We build a policy category classifier (8-classes) with all manifestos written in English.
Then we keep a popularity index based on the target country's recent election manifestos. For a petition, we classify the policy category of each of the sentences and aggregate the popularity score at the petition-level.

In [None]:
from bs4 import BeautifulSoup
import re

#We clean the manifestos from manifesto project https://manifesto-project.wzb.eu

def clean_manifesto(text, label): 
    sentence = [] 
    cmpcode = [] 
    for i in xrange(0, len(text)): 
        if len(str(text[i]))>3 and str(text[i])!=np.nan: 
            line = text[i].lower().split() 
            words = [w for w in line] 
            sentence.append(" ".join(words))            
            if (label[i]=='NA') or (np.isnan(label[i])): 
                cmpcode.append(0) 
            else: 
                cmpcode.append(int(label[i]/100))
    return sentence, cmpcode

import os, pandas as pd, numpy as np 
cmplabelsc = [] 

for i in os.listdir('EnglishManifestos/'): 
    x = pd.read_csv(i, header=0) 
    sentence, cmpcode = clean_manifesto(x.text, x.cmp_code) 
    cmplabelsc.extend(cmpcode)
                
from sklearn.feature_extraction.text import CountVectorizer
tf_vectorizer = CountVectorizer(max_features = 8000, ngram_range=(1,1), stop_words='english')
sent_vec = tf_vectorizer.fit_transform(np.array(sentences))
sent_vect = np.array(sent_vec.toarray())
labelsc = np.array(cmplabelsc).reshape((len(cmplabelsc),1))

In [None]:
# Popularity score for each policy category 0 to 7
# Based on recent manifestos of the country

popularitysc = []
for i in os.listdir('RecentManifestos/'): 
    x = pd.read_csv(i, header=0) 
    sentence, cmpcode = clean_manifesto(x.text, x.cmp_code) 
    popularitysc.extend(cmpcode)
    
import collections
popularity = []
c = collections.Counter(popularitysc)
for i,j in c.iteritems():
    popularity.append((j*1.0)/len(popularitysc))
    
def popularitys(indx):
    return popularity[indx]    

In [None]:
#NN model for classifying sentences into one of 7 policy categories

import keras
from keras.models import Sequential 
from keras.layers import Dense, Activation, Dropout, Input
from keras.models import Model

modelc = Sequential() 
modelc.add(Dense(300, input_dim=8000, activation='relu')) 
modelc.add(Dense(8, activation='softmax', name='main_output'))

batch_size = 128 
nb_epoch = 3

Y = [0,1,2,3,4,5,6,7]

from keras.utils.np_utils import to_categorical
from keras.utils import np_utils
from sklearn.preprocessing import LabelEncoder

encoder = LabelEncoder()
encoder.fit(Y)

encoded_Y = encoder.transform(labelsc)
sentlabelsc = np_utils.to_categorical(encoded_Y, num_classes=8)

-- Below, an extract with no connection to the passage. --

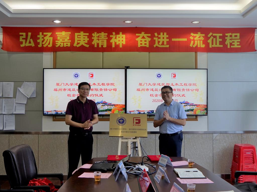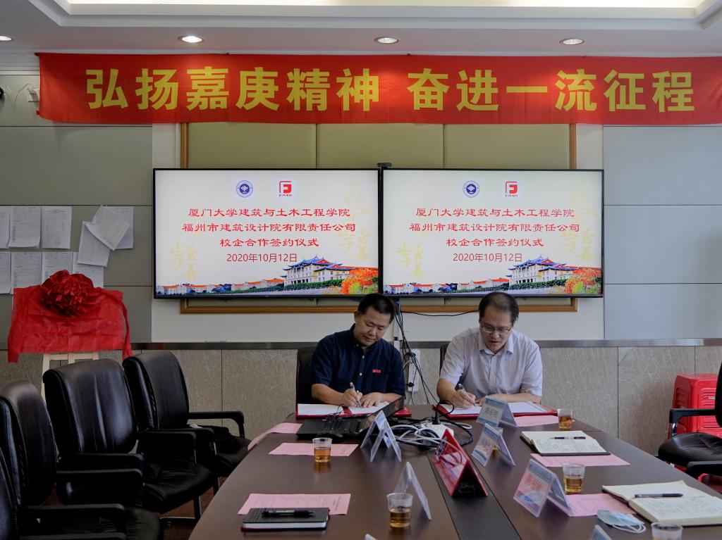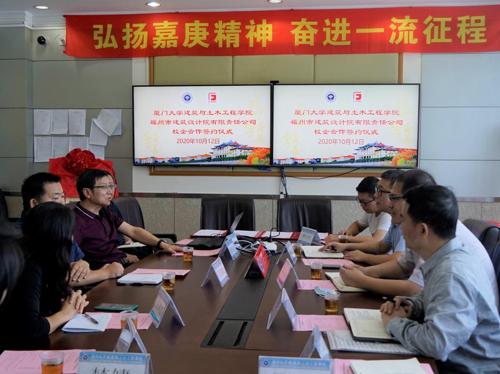 10月12日下午,厦门大学建筑与土木工程学院与福州市建筑设计院有限责任公司校企合作签约仪式在曾呈奎楼208会议室举行,双方将共建学生实习基地,建立资深导师机制,开展科研项目合作。

modelc.compile(optimizer='Adam', loss='categorical_crossentropy', metrics=['acc']) 

modelc.fit(sent_vect, sentlabelsc, batch_size=batch_size, nb_epoch=nb_epoch,verbose=1) 


In [None]:
#Compute sentence level policy area, and aggregate popularity based on recent election manifestos of the target country
import pandas as pd
petitions = pd.read_csv("WTP_dataset_1K.csv", header=0)
petitions['signs'] = petitions['signs'].astype('int')
petitions['fulltext'] = petitions['title'].astype('str')+' '+petitions['content'].astype('str')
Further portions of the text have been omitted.